**Recorded information**
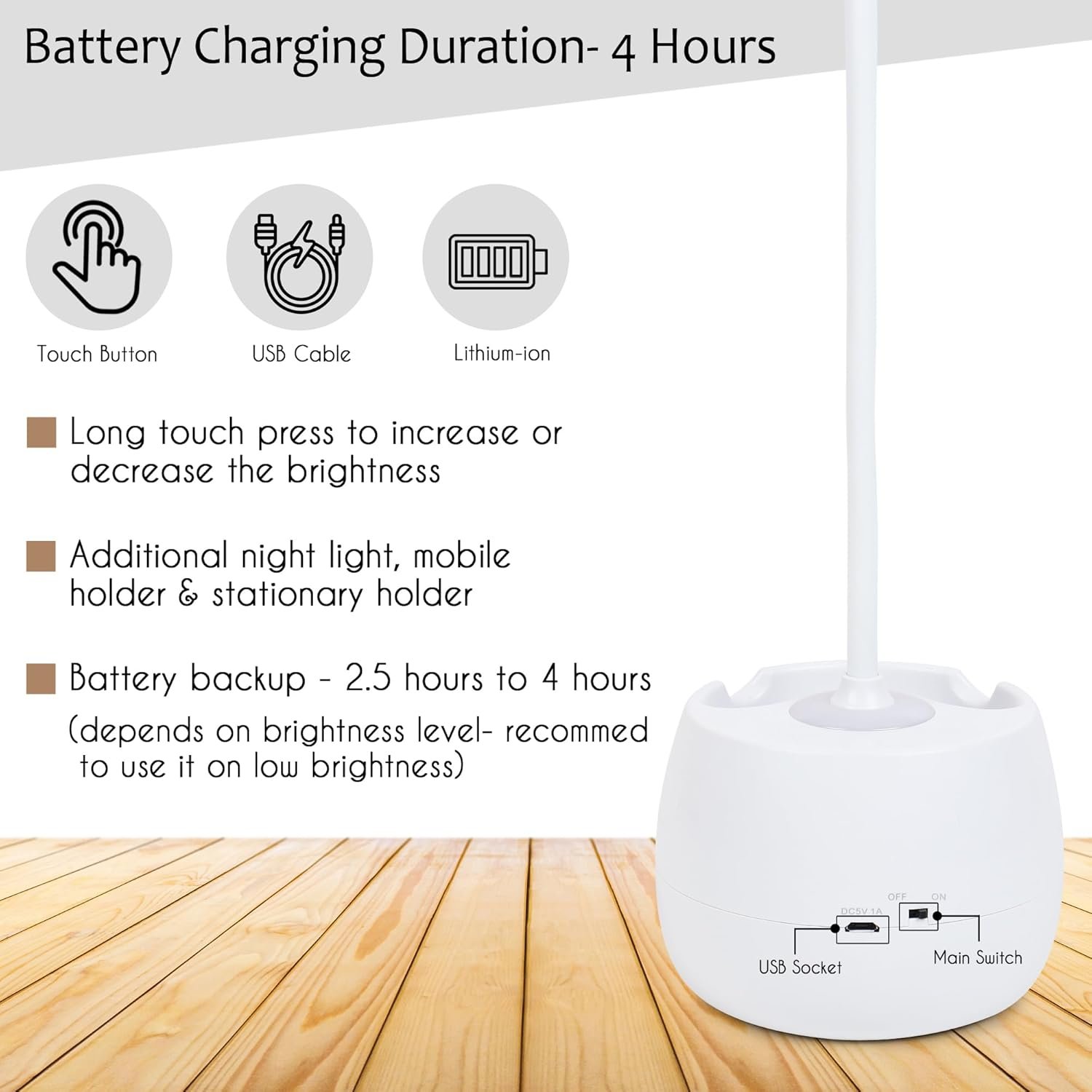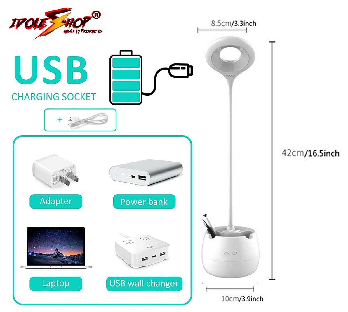 Made from durable ABS plastic with a smooth glossy white finish. Stylish, long-lasting desk lamp that enhances home, office, and study table decor.
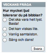 Veckans fråga på Vårt Kungsholmens webbplats (hittas en bit ner på till höger på min Kungsholmsbloggs sida). Rösta, vettja! Vi får många synpunkter kring detta på biblioteken. Alla tycker olika, men de som säger till tillhör oftast kategorin som drömmer sig tillbaka till hyssjande bibliotekarier (men som säkert inte gillade dem när de fanns).
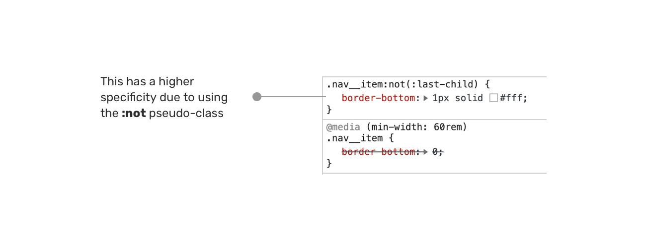 Not only that, but this might cause CSS specificity issues as well. Suppose that a developer wants to remove the border-bottom from the .nav__item by using the following CSS.
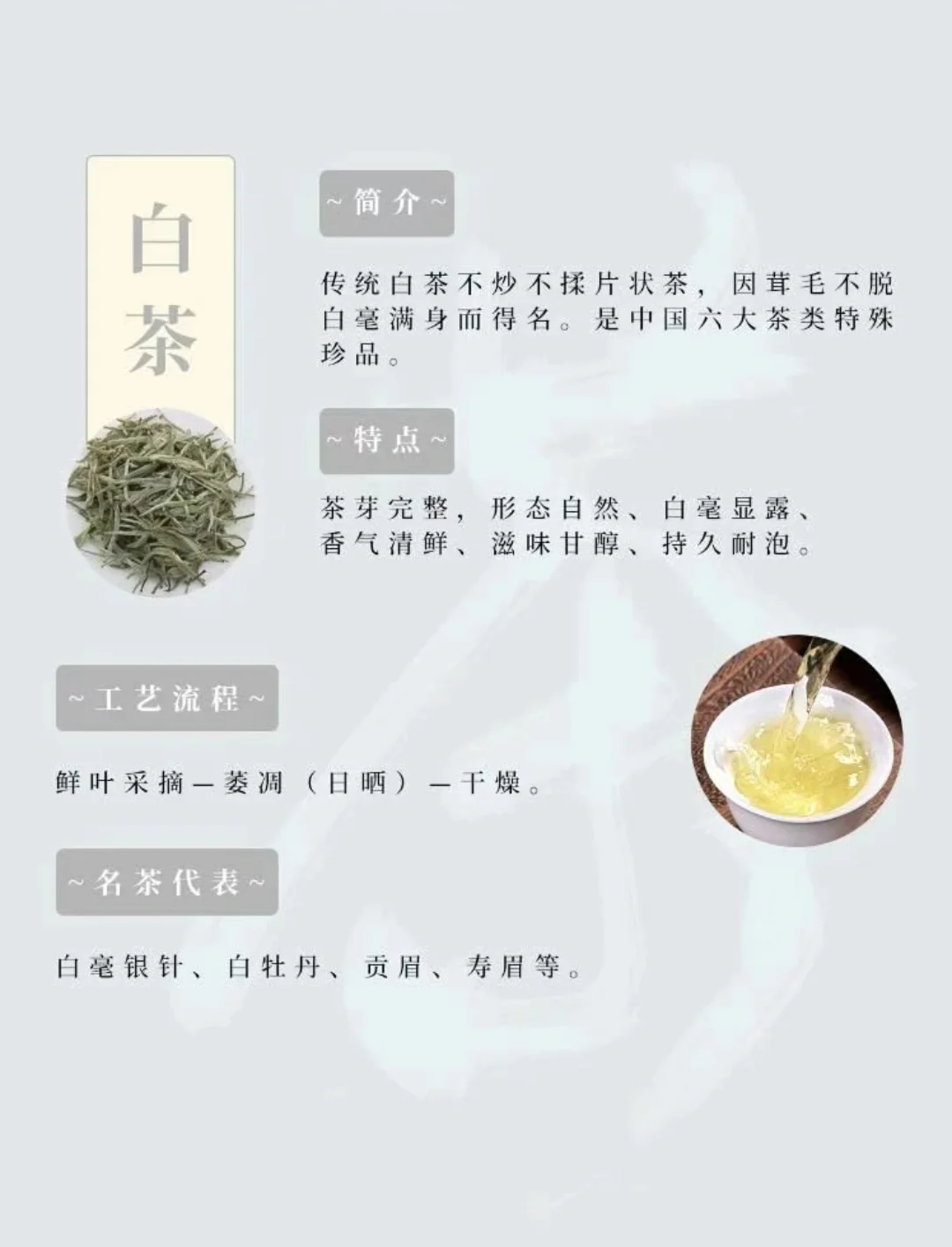 白茶的制作工艺简单,主要为萎凋和干燥,几乎不进行发酵。其特点是保留了茶叶的原始形态和营养成分,以“芽头肥壮、满披白毫”为佳。白毫银针是白茶中的珍品,外形似银针,白毫密被,汤色浅杏黄,滋味清甜;白牡丹则叶片开展,绿叶夹银毫,汤色杏黄明亮,香气清新,滋味醇和。

**What this task involves**
Without any pictures, return the material above exactly.

**Output for this task**
 Made from durable ABS plastic with a smooth glossy white finish. Stylish, long-lasting desk lamp that enhances home, office, and study table decor.
 Veckans fråga på Vårt Kungsholmens webbplats (hittas en bit ner på till höger på min Kungsholmsbloggs sida). Rösta, vettja! Vi får många synpunkter kring detta på biblioteken. Alla tycker olika, men de som säger till tillhör oftast kategorin som drömmer sig tillbaka till hyssjande bibliotekarier (men som säkert inte gillade dem när de fanns).
 Not only that, but this might cause CSS specificity issues as well. Suppose that a developer wants to remove the border-bottom from the .nav__item by using the following CSS.
 白茶的制作工艺简单,主要为萎凋和干燥,几乎不进行发酵。其特点是保留了茶叶的原始形态和营养成分,以“芽头肥壮、满披白毫”为佳。白毫银针是白茶中的珍品,外形似银针,白毫密被,汤色浅杏黄,滋味清甜;白牡丹则叶片开展,绿叶夹银毫,汤色杏黄明亮,香气清新,滋味醇和。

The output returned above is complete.